▸ PROBLEM
An exact copy is required of every line from the one with "Alkaline Battery Blister" through the end of the data below, and the pictures must stay out of it.

*** GIVEN ENTRIES ***

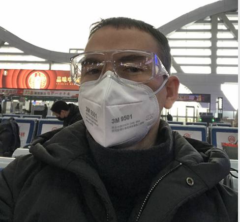The author is waiting at the Ningbo East Railway Station to return to Beijing on February 4 all dressed up with protective gear against the coronavirus.
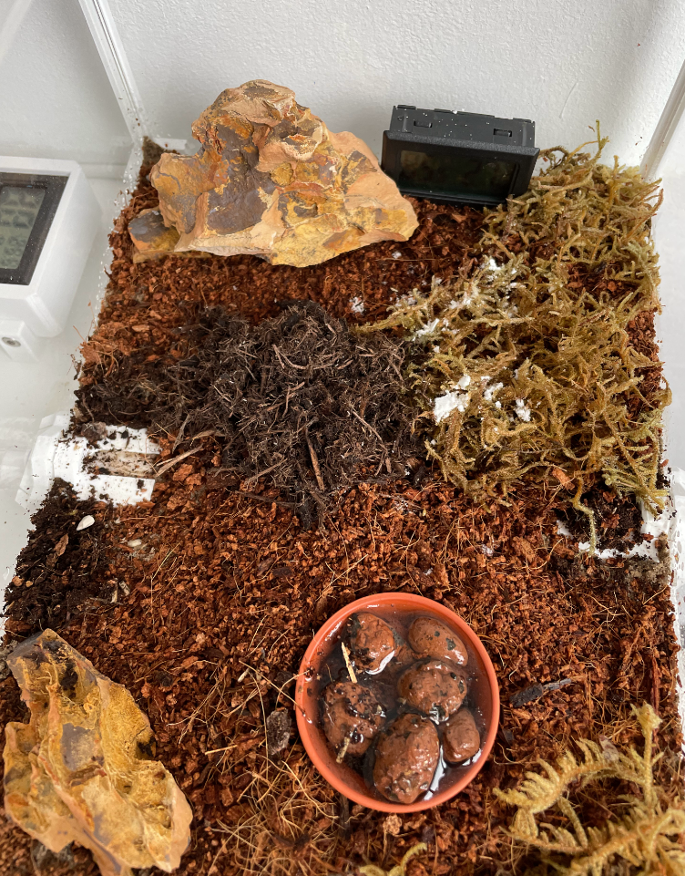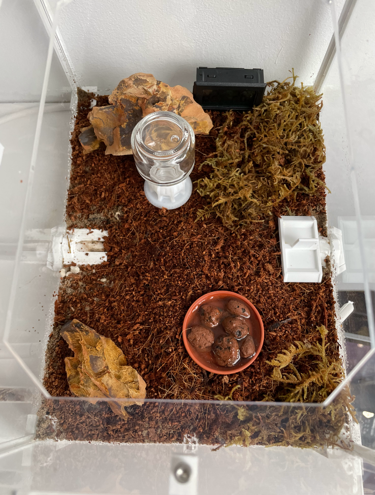 Ich habe erstmal ein Granulat rein und dann ein bisschen Sand-Lehm-Humus Mischung. Ich möchte vermeiden das sie hier erfolgreich graben können: Danach habe ich noch etwas "Wald" rein gebracht und versucht die Farbe von dem Bodengrund zu verändern das ich sie hoffentlich besser erkennen kann. Nun sieht es so aus: Ich versuche aktuell auch gerade Springschwänze und Asseln anzusiedeln aber das ist mal gar nicht so leicht ohne sich die ganze Arena zu "versauen": Habe die Asseln tatsächlich einzeln raus ziehen müssen und die Springschwänze hängen da an den Fasern. Ich hoffe das es klappt das so eine kleine Gruppe sich vermehren wird. Sie sollen als Bodenopolizei dienen und die Asseln ggf. als kleinen Snack
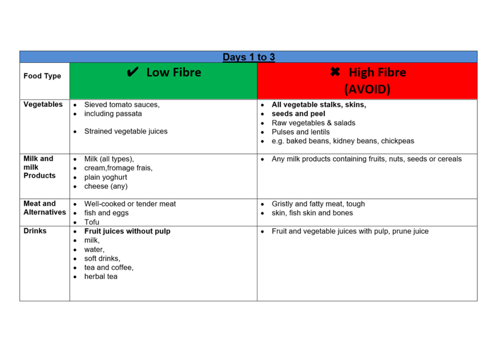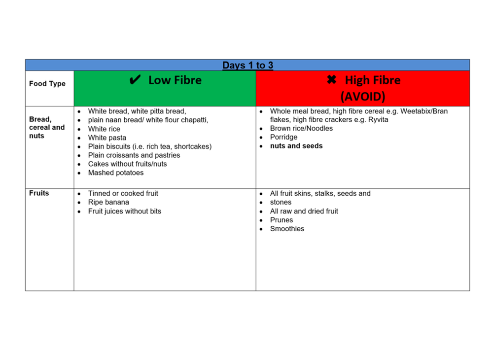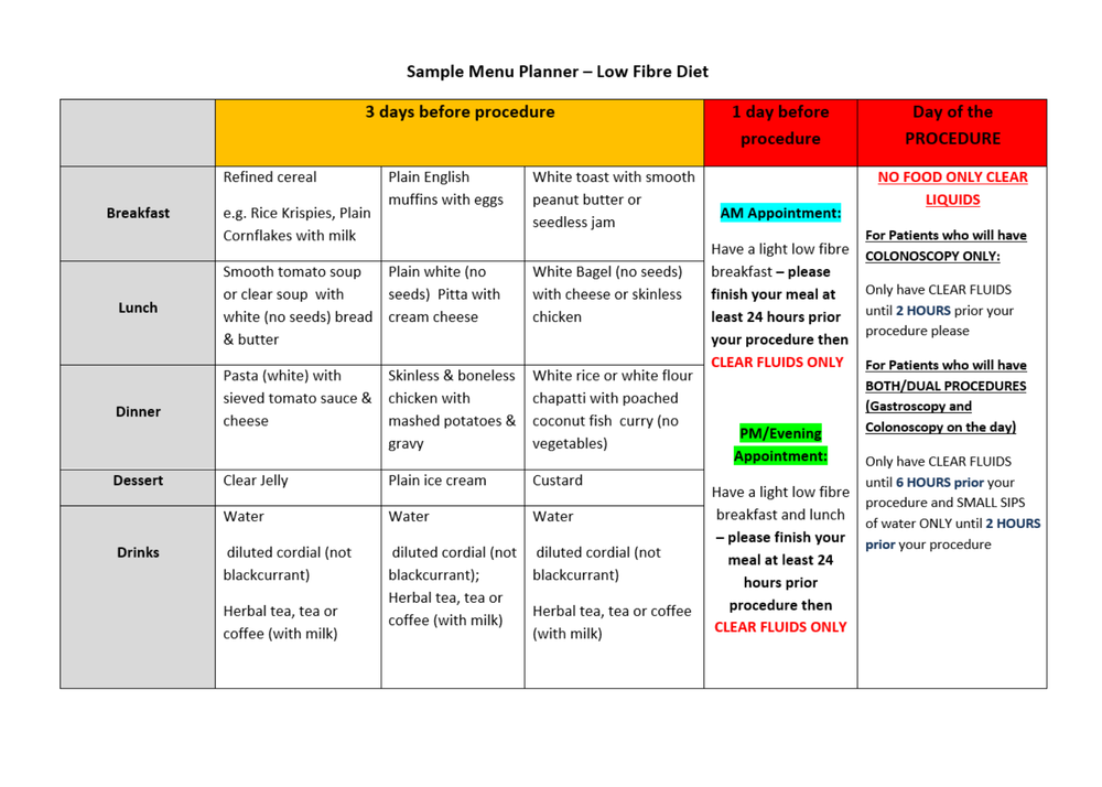 Bowel Preparation – Low Fibre Diet 4 days before endoscopy procedure
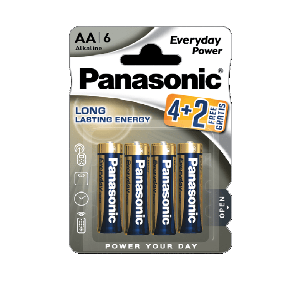 Alkaline Battery Blister Pack x6 (4+2) Panasonic Everyday Power LR6 - AA 1.5V 3.4Ah
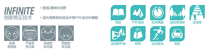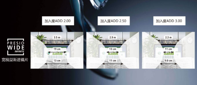 Nikon INFINITE系列产品之一的Presio Wide渐进多焦点镜片,在原有的平缓型修正面与改进型修正面基础上,将视远区变宽12%,提供更广阔的视野。
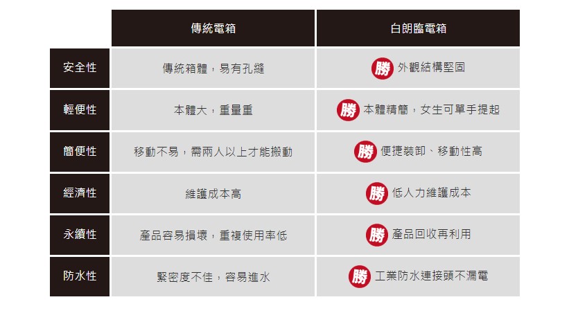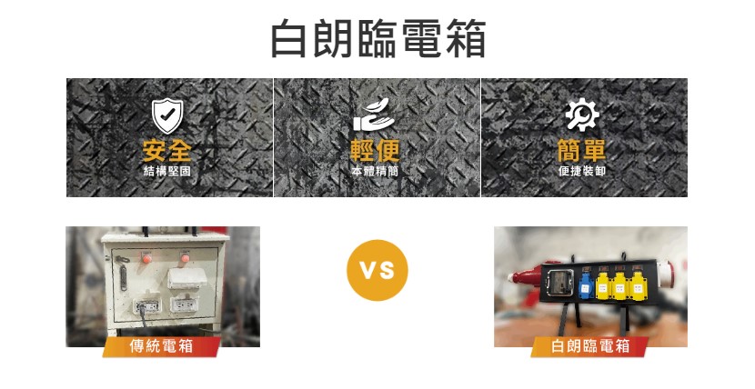 工地戰力大提升,施工現場臨時用電配電箱,白朗臨電箱結構堅固安全、本體精簡輕便且簡單和便捷裝卸,一次解決傳統電箱諸多問題,是工地最佳選擇

*** End of GIVEN ENTRIES ***

▸ ANSWER TO THIS EXERCISE
 Alkaline Battery Blister Pack x6 (4+2) Panasonic Everyday Power LR6 - AA 1.5V 3.4Ah
 Nikon INFINITE系列产品之一的Presio Wide渐进多焦点镜片,在原有的平缓型修正面与改进型修正面基础上,将视远区变宽12%,提供更广阔的视野。
 工地戰力大提升,施工現場臨時用電配電箱,白朗臨電箱結構堅固安全、本體精簡輕便且簡單和便捷裝卸,一次解決傳統電箱諸多問題,是工地最佳選擇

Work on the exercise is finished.